The young lady, in a heavy, gray, Highland shawl, was standing before the looking-glass in her room as she spoke.
“Girls look all alike in these great shawls, and I shall wear my thick lace veil, through which I defy anyone to see a feature of my face; and even my feet, in these strong, laced boots, are disguised. Now — see! I should not know myself in the glass among twenty others. I might meet you a dozen times in Cardyllian and you should not recognise me. Look and say.”
“H-m — well! I must allow it would not be easy to see through all this,” said Miss Sheckleton; “but don’t forget and lift your veil, when you come into the town — the most unlikely people are there sometimes. Who do you think I had a bow from the other day, but old Doctor Bell, who lives in York; and the same evening in Castle Street whom should I see but my Oxford Street dressmaker! It does not matter, you know, where a solitary old maid like me is seen; but it would be quite different in your case, and who knows what danger to your papa might result from it?”
“I shan’t forget — I really shan’t,” said the girl.
“Well, dear, I’ve said all I could to dissuade you; but if you will come, I suppose you must,” said Miss Anne.
“It’s just as you say — a fancy,” answered Margaret; “but I feel that if I were disappointed I should die.”
I think, and Miss Sheckleton thought so too, that this pretty girl was very much excited that day, and could not endure the terrible stillness of Malory. Uncertainty, suspense, enforced absence from the person who loved her best in the world, and who yet is very near; dangers and hopes, quite new — no wonder if all these incidents of her situation did excite her.

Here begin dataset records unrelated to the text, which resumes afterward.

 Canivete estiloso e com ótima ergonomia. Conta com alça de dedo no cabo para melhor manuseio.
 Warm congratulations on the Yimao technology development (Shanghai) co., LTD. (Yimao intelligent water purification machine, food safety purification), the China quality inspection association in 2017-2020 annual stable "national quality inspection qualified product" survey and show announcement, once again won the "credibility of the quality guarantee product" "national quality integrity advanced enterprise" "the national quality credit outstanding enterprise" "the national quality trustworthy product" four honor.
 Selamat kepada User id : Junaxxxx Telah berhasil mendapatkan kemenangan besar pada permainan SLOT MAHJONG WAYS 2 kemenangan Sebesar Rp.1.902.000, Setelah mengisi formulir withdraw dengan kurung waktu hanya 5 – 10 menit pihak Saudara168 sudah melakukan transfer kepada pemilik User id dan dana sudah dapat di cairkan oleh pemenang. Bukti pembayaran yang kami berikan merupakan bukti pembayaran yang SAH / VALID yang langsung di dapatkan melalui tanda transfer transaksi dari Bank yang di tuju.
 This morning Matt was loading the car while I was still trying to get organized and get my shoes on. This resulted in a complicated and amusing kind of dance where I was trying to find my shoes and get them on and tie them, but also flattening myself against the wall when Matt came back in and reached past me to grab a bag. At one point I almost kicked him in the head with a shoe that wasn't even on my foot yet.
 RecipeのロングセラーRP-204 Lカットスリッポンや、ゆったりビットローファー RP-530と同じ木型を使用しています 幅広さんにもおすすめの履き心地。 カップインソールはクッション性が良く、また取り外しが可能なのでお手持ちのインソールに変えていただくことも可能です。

It was near a week since the elder lady had appeared in the streets and shops of Cardyllian. Between the banks of the old sylvan road she and her mysterious companion walked in silence into steep Church Street, and down that quaint quarter of the town presenting houses of all dates from three centuries ago, and by the church, still older, down into Castle Street, in which, as we know, stands the shop of Jones, the draper. Empty of customers was this well-garnished shop when the two ladies of Malory entered it; and Mrs. Jones raised her broad, bland, spectacled face, with a smile and a word of greeting to Miss Anne Sheckleton, and an invitation to both ladies to “be seated,” and her usual inquiry, as she leaned over the counter, “And what will you be pleased to want?” and the order, “John, get down the gray linseys — not them— those over yonder — yes, sure, you’d like to see the best — I know you would.”

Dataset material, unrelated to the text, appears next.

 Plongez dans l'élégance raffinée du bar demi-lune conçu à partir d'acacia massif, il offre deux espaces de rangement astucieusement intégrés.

So some little time was spent over the linseys, and then —
“You’re to measure thirteen yards, John, for Miss Anne Sheckleton, and send it over, with trimmin’s and linin’s, to Miss Pritchard. Miss Anne Sheckleton will speak to Miss Pritchard about the trimmin’s herself.”
Then Mrs. Jones observed —
“What a day this has been — hasn’t it, miss? And such weather, altogether, I really don’t remember in Cardyllian, I think ever.”
“Yes, charming weather,” acquiesced Miss Sheckleton; and just then two ladies came in and bought some velvet ribbon, which caused an interruption.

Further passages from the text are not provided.